As shown in Scheme 3, in this case, as the base position to make complementary base pairs with respect to ^CNV K, it has a C or G, ^CNV K 3 'end of the base A photocrosslink (indicated by an arrow) is formed with respect to T which is a base adjacent to the side.

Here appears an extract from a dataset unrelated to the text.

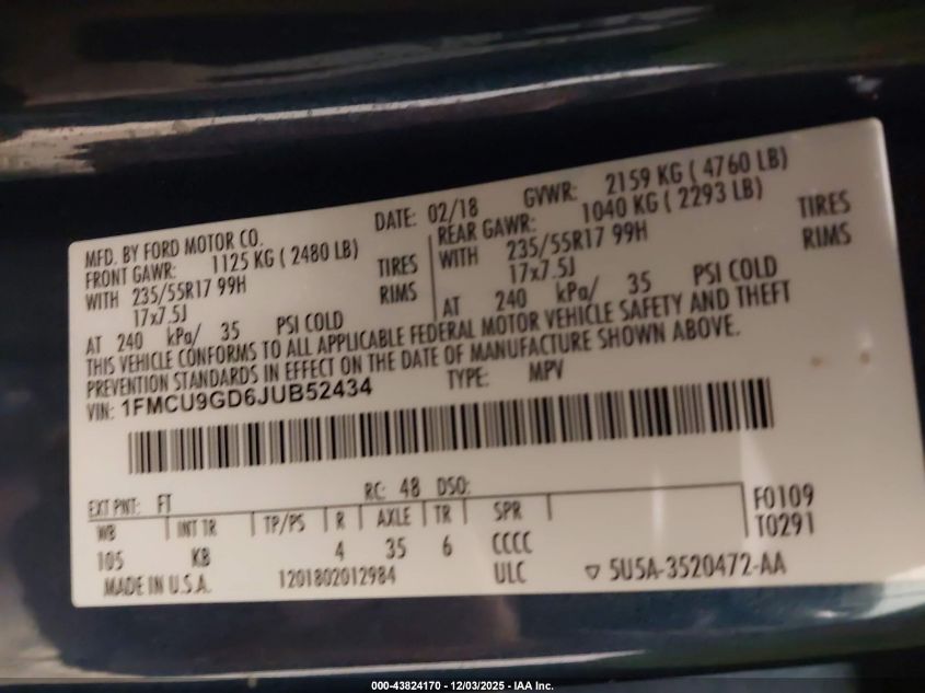 2018 FORD ESCAPE 2018 року Бензин, 1.5, Полный привод, vin - 1FMCU9GD6JUB52434 из США

Natural DNA sequence without ^CNV K (5'-TGAGGTAGTAGTTTGTGCTGTT-3 ') 12.5 μM (corresponding to ODN D) and ODN C 12.5 μM with ^CNV K buffer (100 mM NaCl, 10 mM MgCl ₂ , 20 Annealing was performed in mM Tris-acetate (pH 7.0), 1 mM EDTA, 2% Triton-X). Annealing was first heated at 90 ° C. for 5 minutes and then decreased from 70 ° C. to 4 ° C. by 1 ° C. per hour. Thereafter, a photoreactant obtained by irradiating 366 nm light at 4 ° C. for 0, 0.1, 0.2, 0.3, 0.4, 0.5, 1, 2, 5 seconds using a UV-LED irradiator was obtained. The denaturation PAGE analysis result of the obtained photoreactant is shown in FIG.

[Denatured PAGE result]
FIG. 6 shows the results of denaturing PAGE (polyacrylamide electrophoresis) performed under the same conditions as in FIG.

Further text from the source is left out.